Gov. Chris Christie announced plans in late 2011 to remediate and convert Greystone Park in Parsippany, about 165 acres. The park includes a sewage treatment plant, wetlands and the original psychiatric hospital, which closed in 2008.
This plan is moving forward as state officials said last week that they are demolishing the rest of the buildings after receiving six formal expressions of interest from private groups, which are looking to redevelop the decaying Kirkbride Building, according to the Daily Record, adding that the demolition cost for the remaining 60 buildings is $50.7 million.
Greystone, built in 1876, was constructed as part of the Kirkbride Plan, according to the Kirkbride Building website. The plan, championed by Philadelphia psychiatrist Thomas Kirkbride in the med-19th century, advocated moving patients from county jails, private homes and basements of public buildings into state mental hospitals. These hospitals followed a typical floor plan that included long rambling wings staggered so each connected wing received sunlight and fresh air that was meant to promote privacy and comfort for patients. The building form itself was meant to have a curative effect.
The asylums tended to be large, imposing, Victorian-era institutional buildings within extensive surrounding grounds, which often included farmland, sometimes worked by patients as part of physical exercise and therapy. While the vast majority were located in the United States, similar facilities were built in Canada, and a psychiatric hospital in Australia was influenced by Kirkbride's recommendations. By 1900 the notion of "building-as-cure" was largely discredited, and in the following decades these large facilities became too expensive to maintain.
Bill Quinn, spokesman for the state Treasury Department, told the Daily Record the Treasury Department is still open to ideas about how the remaining historic buildings at Greystone could be saved. But after reviewing the six formal expressions of interest it received in the spring, the state still does not see a way to make redevelopment a feasible alternative.
Demolition could begin as early as February 2014, Quinn said.
The state has posted six proposals they’ve vetted online and they include two groups that claim to have full funding in place. Auto Mart, Inc., the company behind the Trans-Allegheny Lunatic Asylum in Weston, WV (another Kirkbride building), wants to convert the place into a museum and paranormal tour program.

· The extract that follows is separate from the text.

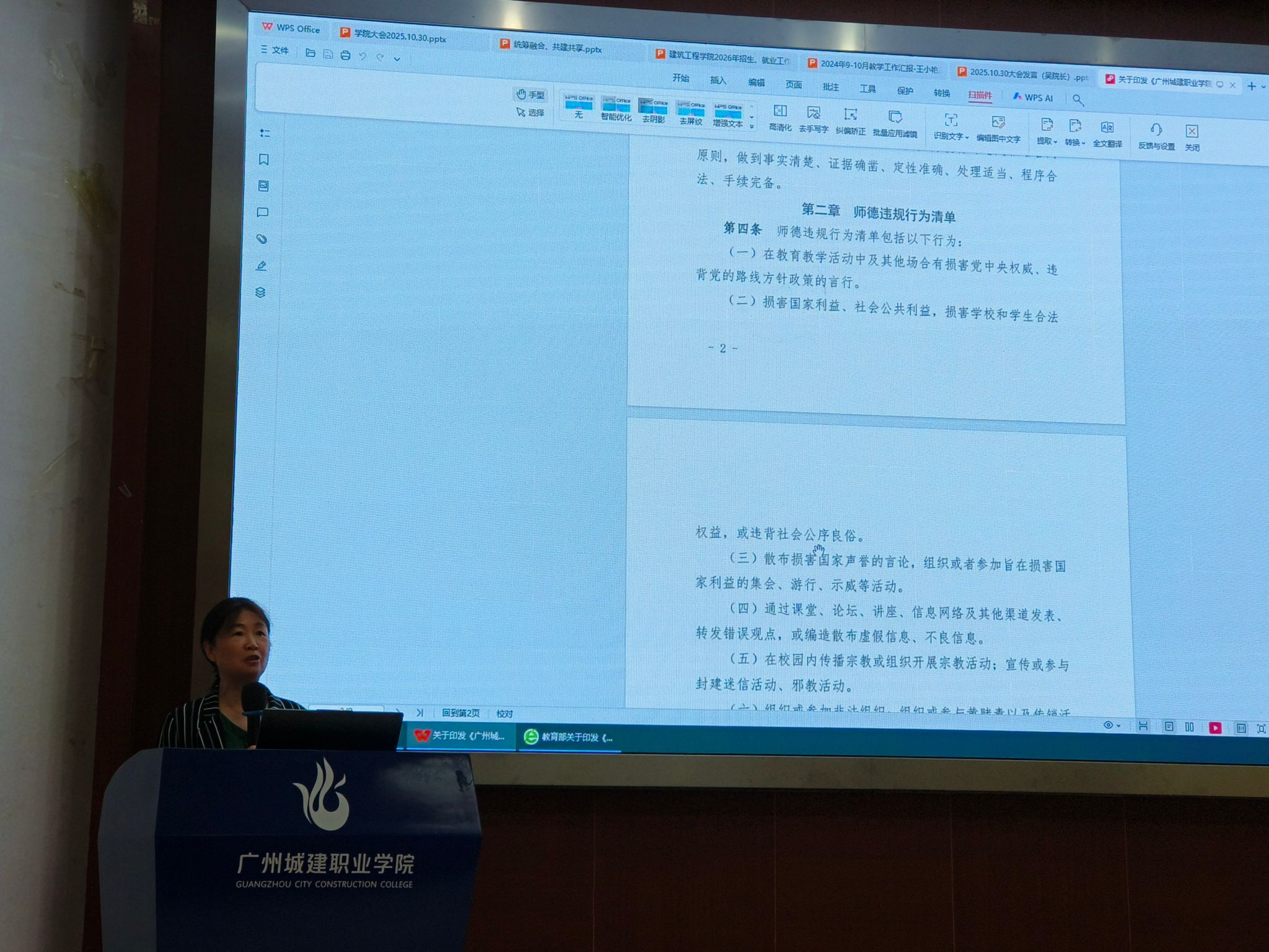 会上,吴承霞带领大家重温学习了《广州城建职业学院师德违规行为处理办理》第二章《师德违规行为清单》,她强调,学院坚持每月一次师德主题学习,大家要深刻认识到师德无小事,必须时刻自重自省,严守红线,维护教师队伍的崇高形象。全体教职工需将学习成果转化为自觉行动,以德立身、以德立学、以德施教,共同营造清正教风。

Other plans include a business center that includes a working farm, renewable energy, tourism, recreation and education programs and the Greystone Community Innovation Team in Basking Ridge, which proposes housing along with businesses, hospitality, educational facilities, agriculture and a museum.
The old hospital complex was under scrutiny on and off during its more than 100 year history. Most famously, the escape of a convicted rapist sparked controversy back in 1999, about the proper placement of high-risk offenders.
Greystone’s operations were moved to a newly constructed facility in 2008.